-- Opening Marker --
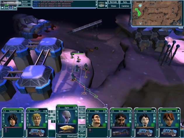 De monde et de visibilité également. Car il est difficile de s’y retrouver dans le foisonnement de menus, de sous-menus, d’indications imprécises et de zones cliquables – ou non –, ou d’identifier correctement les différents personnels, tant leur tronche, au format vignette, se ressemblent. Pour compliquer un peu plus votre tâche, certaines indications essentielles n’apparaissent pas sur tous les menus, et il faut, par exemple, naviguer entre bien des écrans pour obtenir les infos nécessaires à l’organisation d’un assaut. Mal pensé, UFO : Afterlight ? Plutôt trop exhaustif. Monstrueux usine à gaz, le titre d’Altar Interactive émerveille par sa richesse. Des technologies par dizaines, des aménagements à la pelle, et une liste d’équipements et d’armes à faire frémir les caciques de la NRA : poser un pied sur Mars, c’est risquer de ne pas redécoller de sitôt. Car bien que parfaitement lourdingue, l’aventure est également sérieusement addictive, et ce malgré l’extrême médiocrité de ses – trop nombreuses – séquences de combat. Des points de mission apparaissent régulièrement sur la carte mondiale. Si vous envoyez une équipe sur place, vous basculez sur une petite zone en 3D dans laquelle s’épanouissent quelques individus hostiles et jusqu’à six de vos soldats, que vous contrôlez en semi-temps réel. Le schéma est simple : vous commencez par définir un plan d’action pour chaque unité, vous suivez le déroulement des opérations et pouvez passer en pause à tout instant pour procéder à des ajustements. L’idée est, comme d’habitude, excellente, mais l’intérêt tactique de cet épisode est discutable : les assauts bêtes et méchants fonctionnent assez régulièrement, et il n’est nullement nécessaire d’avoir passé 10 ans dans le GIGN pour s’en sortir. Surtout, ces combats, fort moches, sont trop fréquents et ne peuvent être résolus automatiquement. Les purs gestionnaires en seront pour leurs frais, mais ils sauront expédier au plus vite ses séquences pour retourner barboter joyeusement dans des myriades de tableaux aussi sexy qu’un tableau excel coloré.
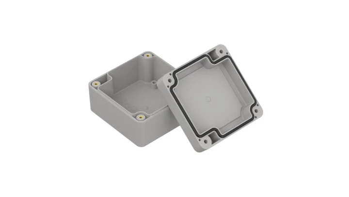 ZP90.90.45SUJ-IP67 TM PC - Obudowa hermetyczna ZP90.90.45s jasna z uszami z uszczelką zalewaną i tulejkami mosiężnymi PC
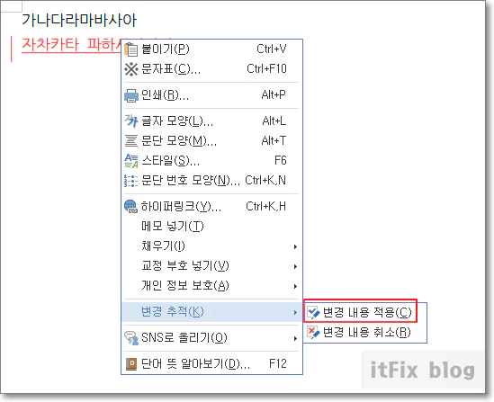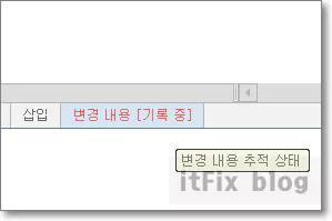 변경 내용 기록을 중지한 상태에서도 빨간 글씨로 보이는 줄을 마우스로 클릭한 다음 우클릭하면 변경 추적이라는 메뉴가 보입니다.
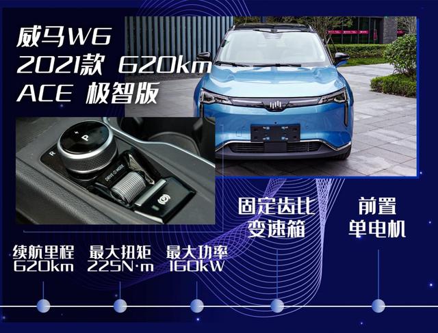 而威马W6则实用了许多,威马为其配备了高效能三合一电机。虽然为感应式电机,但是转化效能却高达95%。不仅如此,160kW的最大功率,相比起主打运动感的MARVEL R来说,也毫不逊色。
-- Closing Marker --
-- Opening Marker --
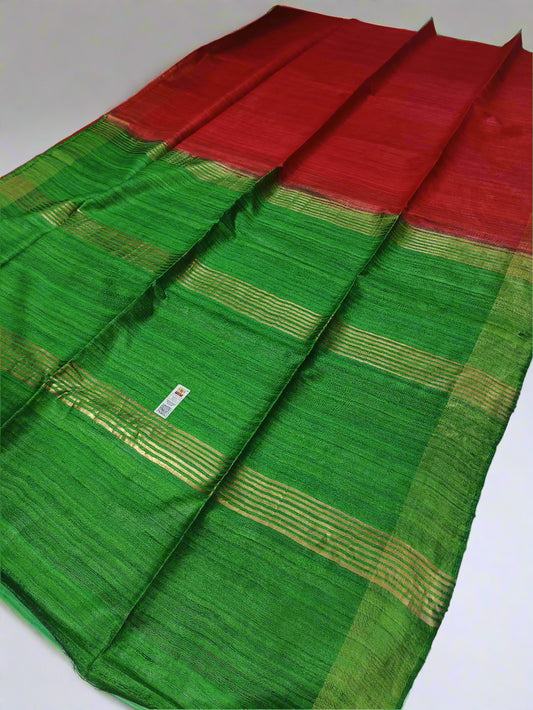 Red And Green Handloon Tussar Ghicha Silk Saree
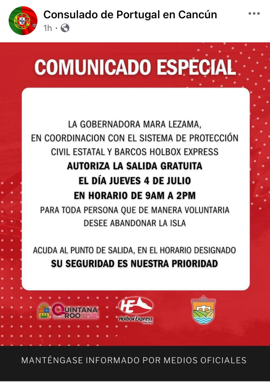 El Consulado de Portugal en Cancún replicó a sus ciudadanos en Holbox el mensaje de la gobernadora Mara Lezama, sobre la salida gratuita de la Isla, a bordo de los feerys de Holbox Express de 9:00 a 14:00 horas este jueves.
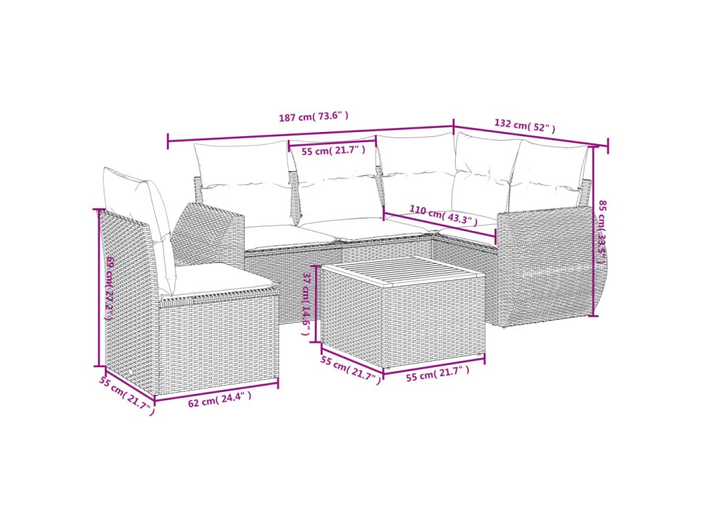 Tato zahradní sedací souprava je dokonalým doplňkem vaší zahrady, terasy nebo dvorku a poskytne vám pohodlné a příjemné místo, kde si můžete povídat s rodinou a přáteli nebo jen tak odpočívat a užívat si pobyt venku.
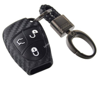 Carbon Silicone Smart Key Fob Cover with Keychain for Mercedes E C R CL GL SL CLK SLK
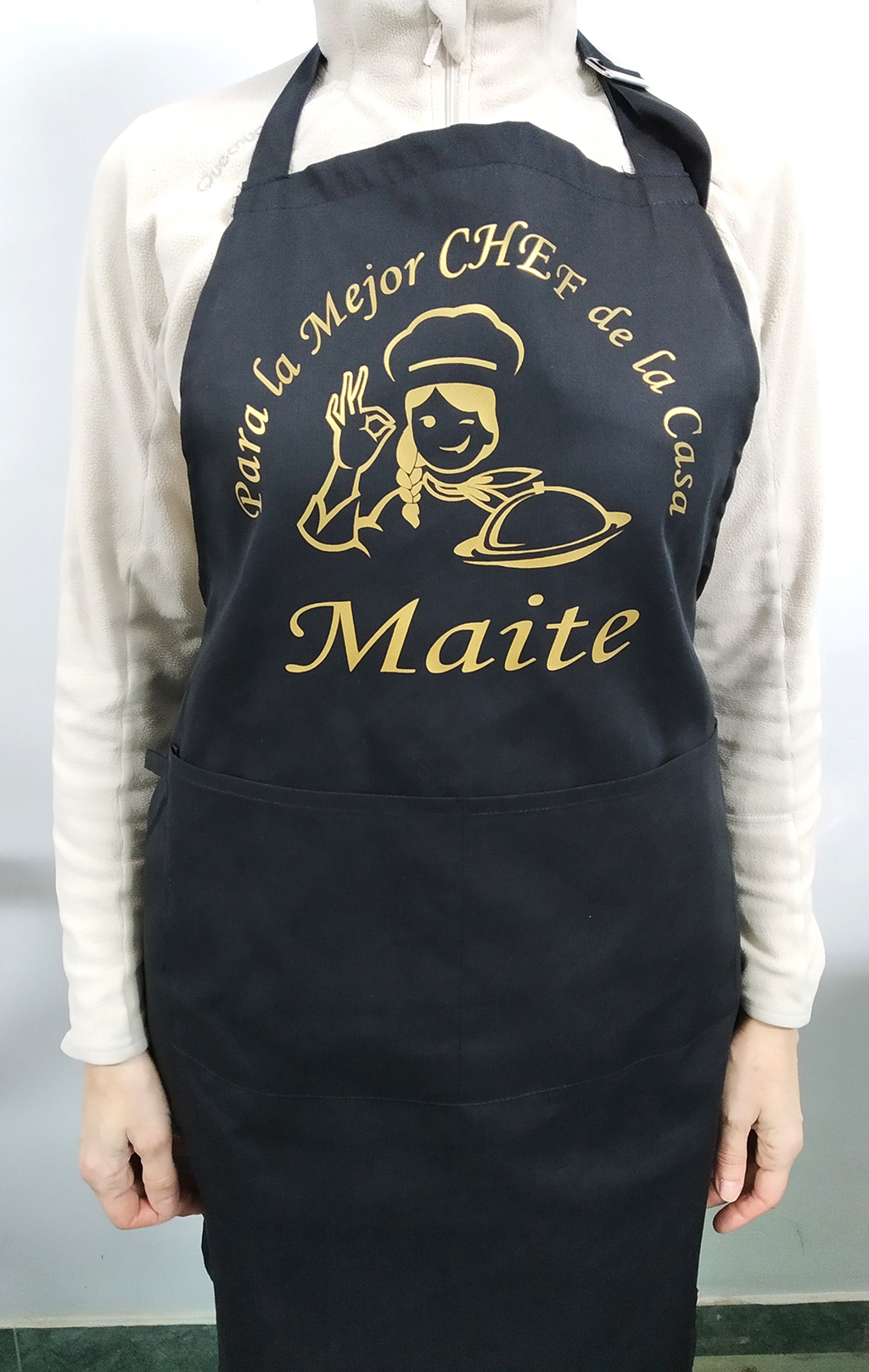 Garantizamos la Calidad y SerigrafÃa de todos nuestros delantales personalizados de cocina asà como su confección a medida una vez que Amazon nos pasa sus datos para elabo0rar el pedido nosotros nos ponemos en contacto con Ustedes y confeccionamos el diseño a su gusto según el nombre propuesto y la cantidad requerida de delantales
-- Closing Marker --
§ Exercise:
Please copy the lines above exactly, starting at the line that holds "Red And Green" and ending at the line that holds "El Consulado de"; include both, but no pictures.

§ Completed exercise:
 Red And Green Handloon Tussar Ghicha Silk Saree
 El Consulado de Portugal en Cancún replicó a sus ciudadanos en Holbox el mensaje de la gobernadora Mara Lezama, sobre la salida gratuita de la Isla, a bordo de los feerys de Holbox Express de 9:00 a 14:00 horas este jueves.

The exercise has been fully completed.